Eric English
February 1, 2004

The self-appointed "expert" approached our photo shoot with all the refinement of a pimply-faced teenager on his first date. Gazing at the high-performance fender badges on Steve Bodine's '65 fastback, and speaking loudly to his tag-along buddy, the conversation went something like this, "It's a hi-po." Then after an inspection of the inner fender-panel, a disapproving "aw, it's really only a 2-barrel car," was heard. the two departed with nary a remark about the Paxton blower or first-rate workmanship, not even a generic "nice car." Nope, just criticism of a beautiful early Mustang.

If Steve was feeling bad after the obvious snub (he wasn't), it surely passed over the next two hours we spent with him. We checked out nearly every square inch of this sweet 2+2, and we can assure you the car holds its own with the best of them-K-code or not. Other onlookers seemingly agreed, as positive comments quickly outnumbered the earlier clueless loudmouth's. the experience does reinforce a lesson yours truly was taught at an early age, and seems particularly apropos in the world of vintage automobiles: If you don't have anything nice to say, don't say it at all!

We, on the other hand, have plenty of nice things to say about this brightly hued '65. And now that we're off our soapbox, let's rewind back to 1995, when Steve thought he was realizing a long-held dream with the purchase of another first-year fastback. He knew the car wasn't perfect, but a new coat of Rangoon Red paint and a new pony interior made it seem a worthy place from which to build.

"Seem"is the operative word, for as Steve began to dig in, he uncovered some nasty skeletons. those lumps in the trunk floor were made by the leaf-spring shackles, since badly rusted framerails couldn't support the springs on their own. More hidden rust in the engine compartment raised Steve's level of concern, but the topper came with a call to a former owner to inquire about the car's history. The gentleman expressed surprise that his old Mustang was still on the road, since it had been totaled some 20 years earlier. Great, not only rust, but major accident damage too!

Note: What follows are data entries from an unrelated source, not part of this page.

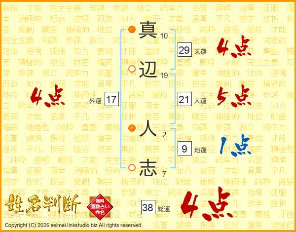 真辺人志さんの総運は38画の4点!
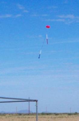 Good straight flight with soft parachute landing about 100 feet from launch pad. Rocket modified to separate in center.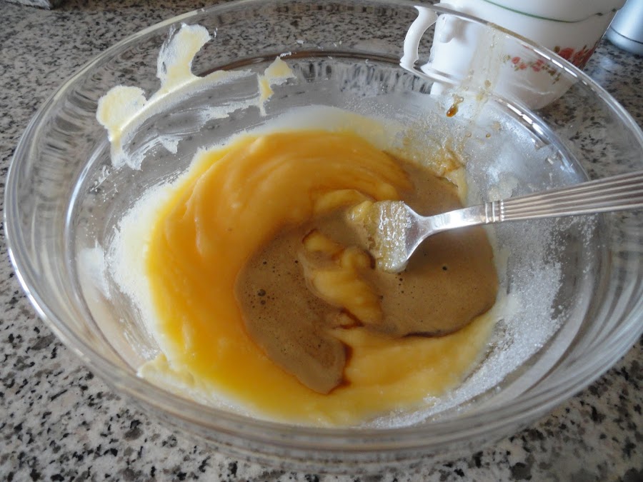 Dejamos la mantequilla a temperatura ambiente, o calentamos un poco en el microondas, que esté en punto pomada. Mezclamos con azúcar glas, una cucharada o más o menos, según lo dulce que lo queramos. Separamos la clara de la yema y añadimos la yema del huevo, y mezclamos bien, incorporamos el café o descafeinado que hacemos como tengamos costumbre, pero intentar coger solo lo primero que salga si es cafetera expres, para que esté muy concentrado el sabor. Mezclamos todo bien.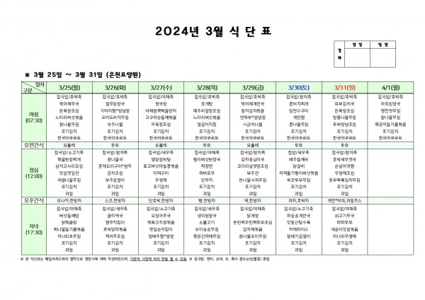 3월 다섯째주 식단표 페이지 정보 작성자 은천노인복지회 작성일24-03-22 10:02 조회30,160회 댓글0건 관련링크 이전글 다음글 목록 답변 본문 . 이전글 다음글 목록 답변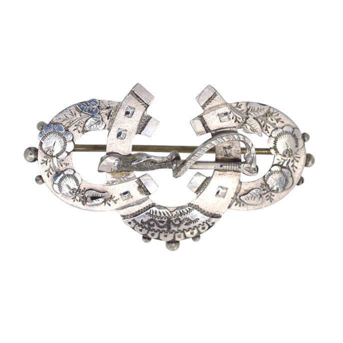 Silver fancy engraved three horse shoe brooch with whip to the centre, hallmarked silver and dated Birmingham 1889

Feeling the need for advice, Steve turned to Larry Berkovich at West Coast Restorations in Snohomish, Washington. Larry gave the car a once-over, and quickly suggested Steve cut his losses by switching all his good parts over to a solid-donor shell. a drastic move on the surface, but in Steve's situation, however, the idea made perfect sense. Larry had the precise shell in his inventory, and the $3,500 price tag would be less than the necessary repairs on Steve's car, with none of the negative connotations of a heavy reconstruct. it wouldn't make sense to reassemble the fastback with a pile of worn-out bits and pieces, so West Coast launched a restomod restoration.

Randy Sargent got to work on the new/used C-code shell, adding a Shelby-style 'glass hood before laying down the flawless two-stage Viper Red hue. The bright '90s color seems almost like a hotted-up version of the orangey-red Rangoon, so it's a fitting tribute to Steve's discarded initial effort. GT foglights and dual exhausts round out the visual deviations from stock, along with 16-inch American Racing Torq-Thrust IIs. Stainless Steel Brake Corporation's 4-wheel discs lurk beneath the sparkling rims, while Global West springs and Koni shocks at all 4 corners are the hidden partners that help hold the road.

Our earlier "expert" seemed to miss the centerpiece under the hood, and considering its larger than life reputation and appearance, we have more evidence the guy was not playing with a full restomod deck. Of course, we're speaking of the polished Paxton supercharger, which gives plenty of ball-drive oomph to the already healthy 289. It's an updated version of the Paxtons sold in the mid-'60s, which some consider the ultimate accessory for an early small-block Ford. West Coast's Shawn Carlson assembled the little Windsor using blower-friendly, forged/dished pistons, 289 hi-po rods, a Comp Cams hydraulic bumpstick, Edelbrock aluminum heads, and a Shelby dual-plane intake. Metallic ceramic Hooker headers and a Griffin aluminum radiator follow the overall approach of Steve's ride-where form and function are held in equally high regard.

Pulling off a top-notch restoration like this may be no sweat for the wealthy, but for the rest of us there's usually some sacrifice. Steve's wife Terri was nice enough to put off buying some longed-for furniture to make the project come to fruition, and his daughters now get an arm twist to come to car shows with dad. Truth is, everybody seems to enjoy an occasional ride in the red-hot fastback, with a trip to the local burger joint one of the preferred family outings. And, thankfully, no more experts.